Private UK drugs company launches hostile bid for US rival

A privately owned rare diseases drugs company based in Cambridge has launched a $466 million hostile bid for a New York-listed rival.

In an unusual takeover attempt in the sector, Cycle Pharma has gone directly to shareholders of Vanda Pharmaceuticals with a $8-a-share cash approach.

Cycle was founded in 2012 by James Harrison, 50, a former investment banker and private equity executive, who remains its chief executive and retains more than half of the share voting rights.

The company has offices in the global life sciences hubs of Cambridge in Britain and Boston in the United States. It employs 120 people, just under half of them in Britain. It has six marketed products, with treatments focused on neurological, rare metabolic and rare immunological conditions, most of which are genetic. It generated core operating profit of $40 million last year on revenue of $109 million.

Cycle said that it had made its takeover proposal to the board of the Nasdaq-listed Vanda on May 24. The approach was made on the same day that Vanda rejected a separate, sweetened unsolicited approach from Future Pak of $7.75 per share. The company said its offer had been pitched at a 98 per cent premium to Vanda’s closing share price on April 16, the day before an initial $4.05 approach from Future Pak.

The British business said it would have “preferred to reach an agreement privately”, but was going public with its proposal “to encourage Vanda shareholders to express their views on this proposal to the independent directors of Vanda”.

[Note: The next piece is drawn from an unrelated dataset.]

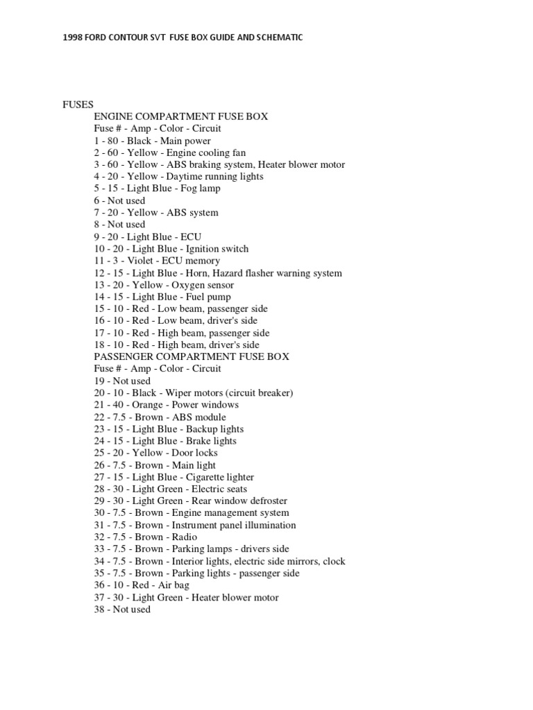 The heat works just fine in the back of the van, but the front blows only cold air. Even after a fuse is replaced, it will continue to blow if the cause of the overload is not identified and corrected. Fuse box in engine compartment. Passenger compartment fuse panel diagram. Summary of contents for ford 1998 contour.

It added: “Cycle’s proposal represents a better outcome for shareholders, who would receive all-cash upfront value exceeding that of Future Pak’s cash portion of its latest offer announced May 7, 2024. It would also benefit patients, as Cycle has a proven commercial strategy in the US, a strong distribution footprint and an established track record of delivering medicines and individualised support to patients suffering from conditions with high unmet medical need.”

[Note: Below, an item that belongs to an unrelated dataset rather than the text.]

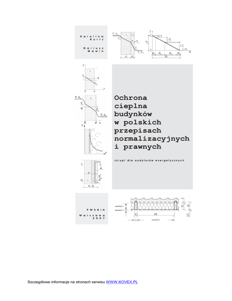 Ochrona cieplna budynków w polskich przepisach normalizacyjnych i prawnych Szczegółowe informacje na stronach serwisu WWW.KOVEX.PL Spis treści Przedmowa 9 Wprowadzenie 11 1. Wymiana ciepła 1.1. Przewodzenie ciepła 1.1.1. Współczynnik przewodzenia ciepła 1.2. Promieniowanie 1.3. Przejmowanie ciepła 1.4. Przenikanie ciepła przez przegrody 1.4.1. Rozkład temperatury 1.5. Współczynnik przenikania ciepła 1.6. Wpływ usytuowania izolacji termicznej na jakość przegrody 1.6.1. Płyty wapienno-krzemianowe do ocieplania od wewnątrz 13 13 15 15 17 19 21 22 22 24 2. Wskaźnik sezonowego zapotrzebowania na ciepło 27 3. Uregulowania prawne a ochrona cieplna budynków 3.1. Dyrektywy Wspólnoty Europejskiej a normalizacja ochrony cieplnej 3.1.1. ZaleŜności pomiędzy normami krajowymi a europejskimi 3.2. Stan prawny i normalizacja ochrony cieplnej w Polsce 3.2.1. Normalizacja ochrony cieplnej w Polsce 29 29 31 31 33 4. Wymagania związane z oszczędnością energii i izolacyjnością cieplną przegród budowlanych 4.1. Wymagania dotyczące wskaźnika sezonowego zapotrzebowania na ciepło budynku 4.2. Wymagania izolacyjności cieplnej przegród budowlanych 4.3. Inne wymagania związane z oszczędnością energii 4.3.1. Maksymalna powierzchnia okien i przegród szklanych 4.3.2. Punkt rosy 4.3.3. Szczelność na przenikanie powietrza 4.4. Wymagania izolacyjności cieplnej względem przegród poddawanych termomodernizacji 35 36 37 40 40 41 41 42 5. Klimat Polski i podział na strefy klimatyczne 43 6. Normy ochrony cieplnej 6.1. PN-EN ISO 10456 6.2. PN-EN ISO 12524 6.3. PN-EN ISO 6946 6.3.1. Opór cieplny warstw jednorodnych 6.3.2. Warstwy powietrza 6.3.3. Przestrzenie nieogrzewane 6.3.4. Całkowity opór cieplny komponentów z warstw jednorodnych i niejednorodnych 6.3.5. Współczynnik przenikania ciepła 6.3.6. Współczynnik przenikania ciepła komponentów o zmiennej grubości 6.3.7. Skorygowany współczynnik przenikania ciepła 6.4. PN-EN ISO 14683 6.4.1. Mostki cieplne 6.4.2. Katalogi liniowych mostków cieplnych 6.5. PN-EN ISO 10077-1 6.6. PN-EN ISO 13370 6.6.1. Podłoga typu płyta na gruncie 6.6.2. Podłoga podniesiona 6.6. PN-EN ISO 13789 6.8. PN-B-02025 6.8.1. Bilans energetyczny budynku 6.8.2. Dane klimatyczne 45 45 47 48 49 50 53 54 59 59 61 65 65 72 75 81 84 86 89 92 92 94 Szczegółowe informacje na stronach serwisu WWW.KOVEX.PL 6.8.3. Obliczanie strat ciepła 6.8.4. Zyski ciepła 94 96 7. Zagadnienia cieplno-wilgotnościowe 7.1. Wpływ wilgoci na trwałość materiałów i obiektów budowlanych 7.2. Zjawiska fizyczne związane z ruchem wilgoci w materiałach i przegrodach budowlanych 7.2.1. Napięcie powierzchniowe 7.2.2. Sorpcja 7.2.3. Kondensacja pary wodnej i punkt rosy 7.3. Mechanizmy przenoszenia wilgoci 7.3.1. Dyfuzja pary wodnej 7.3.2. Mechanizm kondensacja-odparowanie 7.3.3. konwekcja 7.3.4. Przepływ kapilarny 101 102 104 8. Normy związane ze stanem cieplno-wilgotnościowym przegród budowlanych 8.1. Kondensacja powierzchniowa 8.2. PN-EN ISO 13788 8.2.1. Krytyczna wilgotność powierzchni 8.2.2. Kondensacja międzywarstwowa 115 115 117 118 123 Bibliografia i materiały źródłowe 129 Szczegółowe informacje na stronach serwisu WWW.KOVEX.PL 104 105 107 109 109 111 112 112 Przedmowa Intencją autorów było przedstawienie problematyki oceny energetycznej budynków w myśl polskich i europejskich przepisów prawnych i normalizacyjnych. Opracowanie powstało głównie z myślą o uczestnikach kursów przygotowujących do zawodu audytora energetycznego. Miało na celu przypomnienie fizykalnych podstaw projektowania obiektów oraz praktyczną pomoc przy sporządzaniu ocen energetycznych budynków. Starano się, aby treść pracy odzwierciedlała aktualny (tj. w końcu listopada 2007 r.) stan wiedzy w tym zakresie. W rozdziale pierwszym, jako wprowadzenie do tematu normalizacji ochrony cieplnej, przedstawiono zagadnienia związane z wymianą ciepła przez przegody budowlane. W rozdziale kolejnym omówiono znaczenie w projektowaniu i bieŜącej gospodarce energią w budynku, wskaźnika sezonowego zapotrzebowania na ciepło do ogrzewania. Rozdział trzeci i czwarty poświęcono uregulowaniom związanym z oszczędnością energii w branŜy budowlanej, omówiono podstawowe, europejskie i polskie, akty prawne wraz z obowiązującymi wymaganiami projektowymi w tym zakresie. Rozdział piąty zawiera podstawowe informacje dotyczące parametrów klimatu zewnętrznego Polski. W rozdziale szóstym omówiono osiem podstawowych norm z zakresu ochrony cieplnej budynków, podając algorytmy obliczeń charakterystyk głównych elementów odzielających przestrzeń ogrzewaną budynku od środowiska zewnętrznego. Treść rozdziału zilustrowana została kilkunastoma przykładami obliczeniowymi. W kolejnej części przedstawiono zagadnienia związane ze stanem cieplno-wilgotnościowym przegród budowlanych, omawiając wpływ wilgoci na trwałość materiałów / wyrobów, mechanizmy oraz zjawiska związane z ruchem wilgoci w przegrodach budowlanych. W rozdziale ósmym zaprezentowano metodykę wyznaczania punktu rosy oraz algorytmy obliczeń kondensacji powierzchniowej i międzywarstwowej zaczerpnięte z obowiązującej w tym zakresie normy. (...) Autorzy składają serdeczne podziękowanie Jego Magnificencji Profesorowi dr. Tadeuszowi Koźlukowi, Rektorowi Prywatnej WyŜszej Szkoły Businessu, Administracji i Technik Komputerowych za wydanie ksiąŜki. Pierwsza Autorka skryptu chciałaby podziękować swojemu współautorowi – Panu Profesorowi Dariuszowi Gawinowi za wyrozumiałość, pomoc w zmierzeniu się z tematem i cenne uwagi, a ponadto wyrazić wdzięczność Pani Profesor Halinie Garbalińskiej, kierownik Katedry Dróg, Mostów i Materiałów Budowlanych Politechniki Szczecińskiej za przyjęcie jej do swojego zespołu i Ŝyczliwe wsparcie. Karolina Kurtz, Dariusz Gawin Szczecin - Łódź, grudzień 2007 roku. Szczegółowe informacje na stronach serwisu WWW.KOVEX.PL

Vanda, which is based in Washington DC, responded, confirming the “unsolicited, non-binding indication of interest”, which it would “carefully review and evaluate”.

⬤ GSK, one of Britain’s biggest drugs companies, has announced its latest bolt-on acquisition, acquiring Elsie Biotechnologies, a San Diego-based private biotechnology company, for up to about £39 million. Tony Wood, chief scientific officer at GSK, said: “By bringing together Elsie’s expertise and our internal capabilities, we can design and develop oligonucleotides [which modulate gene expression] for difficult-to-treat diseases of scale with larger patient populations.”